Below this line are records; transcribe exactly the lines between the one holding "しかし部屋割りが決まった日、" and the one holding "KIMOXIL 500MG KAPSUL, mengandung", inclusive, and omit the pictures.

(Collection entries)
━━━━━━━━━━━━━━━━━━━━━━━━━━━━━━
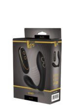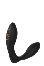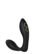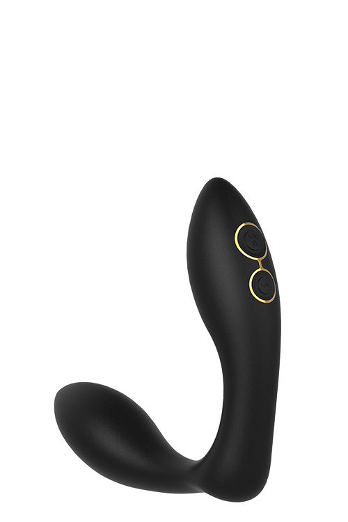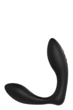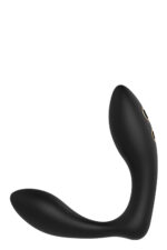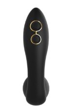Czarny stymulator ze stylowymi złotymi akcentami, zaokrągloną główką i elastycznym połączeniem między dwoma końcami.
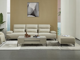 CBD家居 现代简约 优质纳纤皮+东亚海绵+云杉木实木主框架 主色HE12洁白辅色HE01高级灰 四人位+脚踏组合 沙发
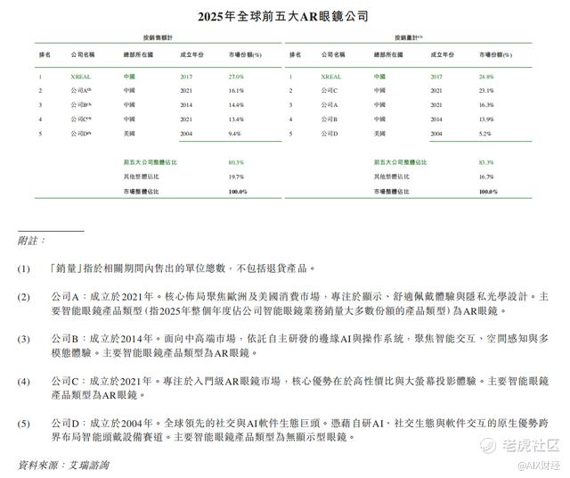 根据招股书附注,排名第二的公司成立于2021年,专注欧洲及美国市场,可能为Viture;排名第三的公司成立于2014年,主要面向中高端市场,可能为Rokid;排名第四的公司成立于2021年,主打入门级产品,可能为雷鸟创新;排名第五的美国公司成立于2004年,是全球领先的AI软件生态巨头,可能为Meta。
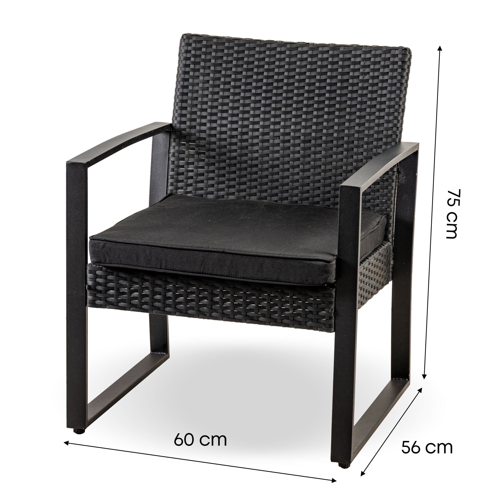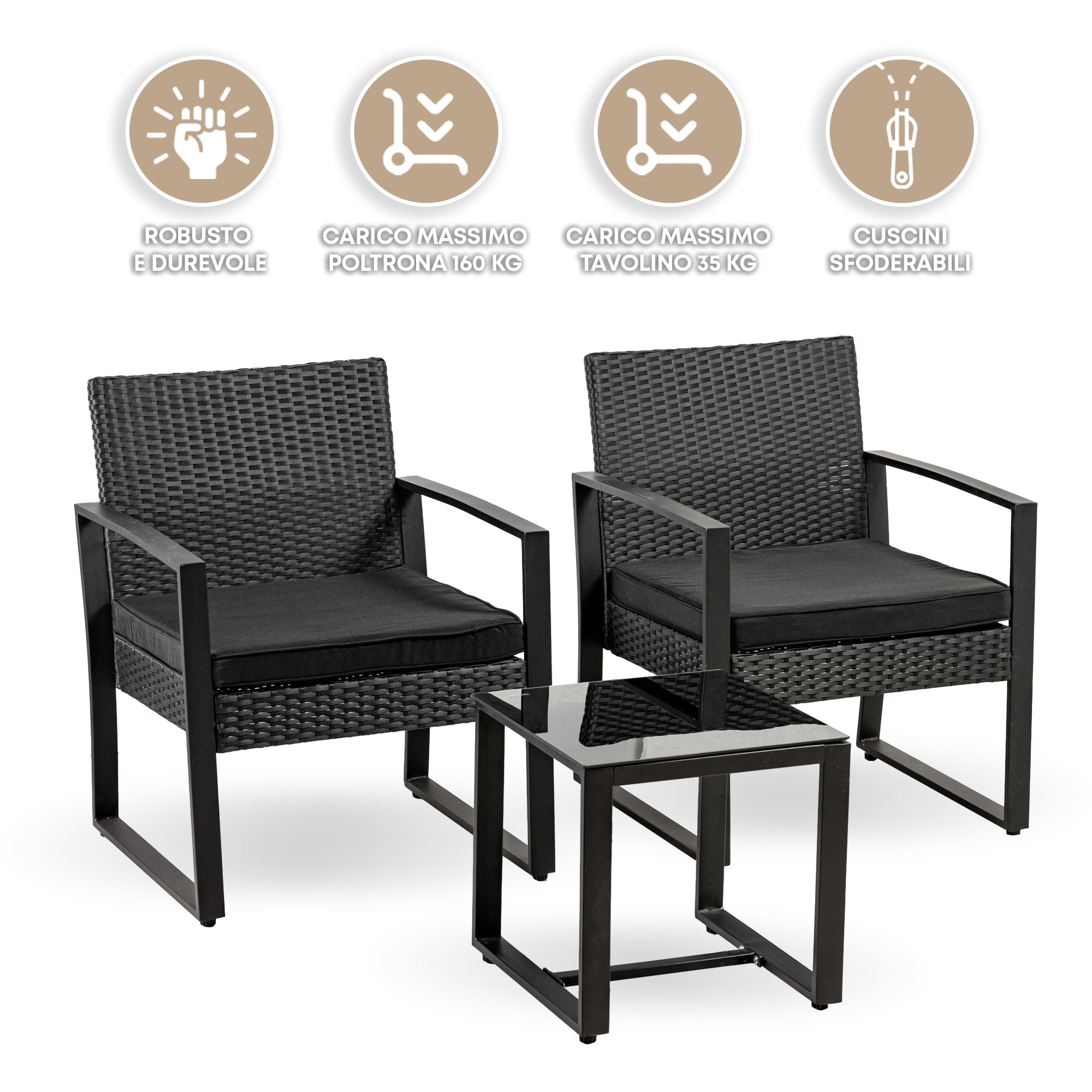Qualità: Elegantissimo Set da Giardino/Terrazzo composto da 2 poltrone e un tavolino in Rattan Sintetico Struttura in acciaio con rivestimento antiruggine impermeabile e resistente se lasciato all'aperto al continuo utilizzo alle intemperie ai cambiamenti climatici non teme Raggi Uv,Umidità e non scolorisce nel tempo.
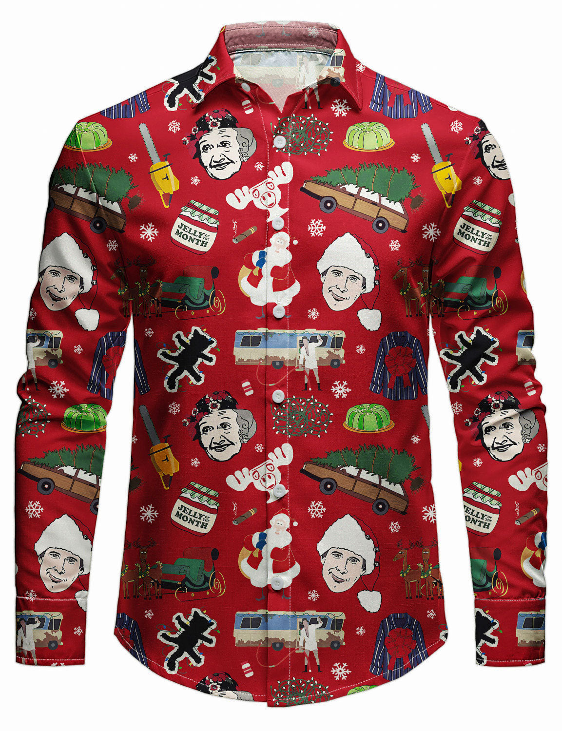 Men's Family Christmas Vacation Themed Print Button Long Sleeve Lapel Shirt
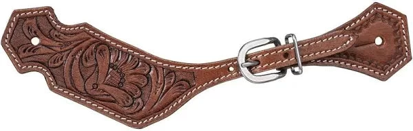 This spur straps features a beautiful floral tooling with uniquely shaped contour, contrast stitching and are adjustable. Medium oil leather finish. Adult size.
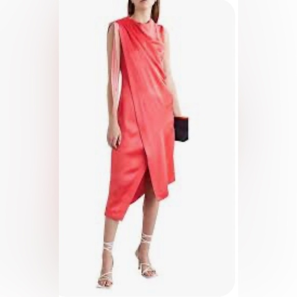 asymmetric dress, satin, solid color, bow-detailed, draped, draped neckline, sleeveless, unlined, zipper fastening, without pockets
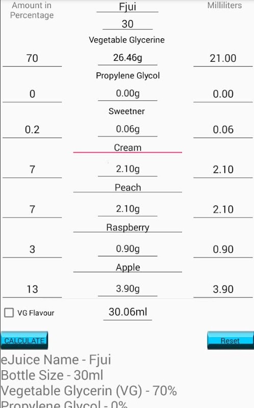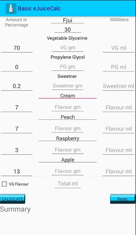 এটি একটি মৌলিক eJuice ক্যালকুলেটর, মিল, গ্র্যাম এবং শতাংশে প্রদর্শিত ইউনিট।
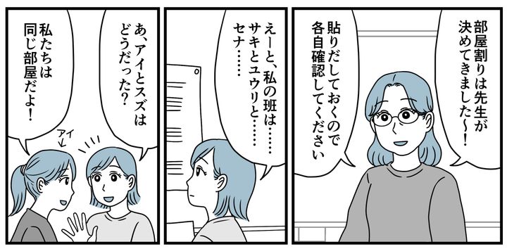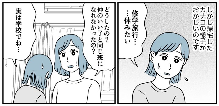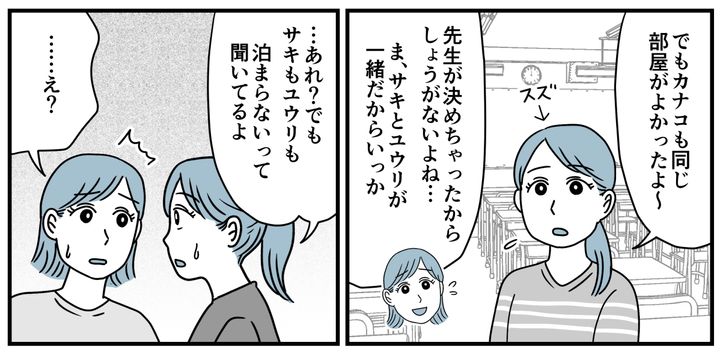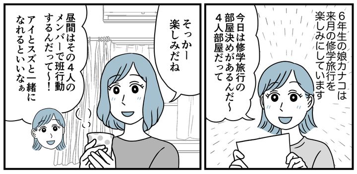 しかし部屋割りが決まった日、帰宅したカナコは「行きたくない」とうつむいて言い出したのです。事情を聞いて驚きました。4人班のうち2人が翌日合流になるため、カナコはセナちゃんと2人きりの部屋で泊まることになるというのです。担任の先生は事情を知っているはずなのに……。私はあまりの衝撃に絶句してしまいました。
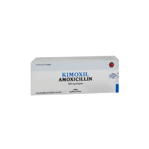KIMOXIL 500MG KAPSUL, mengandung zat aktif amoxicillin yang merupakan antibiotik golongan penicillin, mempunyai spektrum sedang, aktif terhadap bakteri gram negatif maupun gram positif. KIMOXIL 500MG KAPSUL, digunakan untuk mengobati infeksi saluran pernafasan bagian atas dan bawah, infeksi saluran kemih, infeksi saluran pencernaan, serta infeksi kulit dan jaringan lunak.
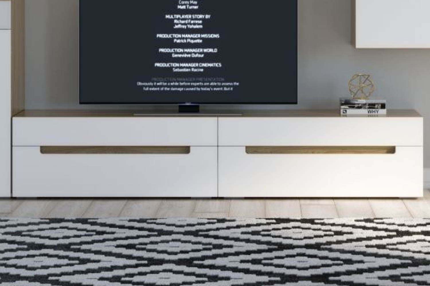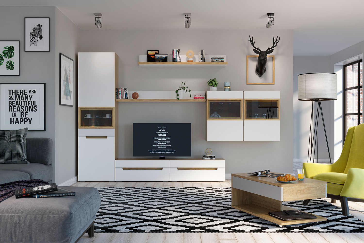 Гарнитур состоит из напольного двустворчатого шкафа-пенала, двух навесных шкафов, компактной низкой ТВ-тумбы и двух лаконичных полочек. Надежные крепеж и фурнитура гарантируют длительный срок службы меблировки. Система скрытых направляющих поможет задействовать весь внутренний объем ящиков и обеспечит качественную фиксацию мебельных элементов. Демпферы и доводчики сделают эксплуатацию гостиной удобной и приятной.
━━━━━━━━━━━━━━━━━━━━━━━━━━━━━━
ANSWER SPACE:
 しかし部屋割りが決まった日、帰宅したカナコは「行きたくない」とうつむいて言い出したのです。事情を聞いて驚きました。4人班のうち2人が翌日合流になるため、カナコはセナちゃんと2人きりの部屋で泊まることになるというのです。担任の先生は事情を知っているはずなのに……。私はあまりの衝撃に絶句してしまいました。
KIMOXIL 500MG KAPSUL, mengandung zat aktif amoxicillin yang merupakan antibiotik golongan penicillin, mempunyai spektrum sedang, aktif terhadap bakteri gram negatif maupun gram positif. KIMOXIL 500MG KAPSUL, digunakan untuk mengobati infeksi saluran pernafasan bagian atas dan bawah, infeksi saluran kemih, infeksi saluran pencernaan, serta infeksi kulit dan jaringan lunak.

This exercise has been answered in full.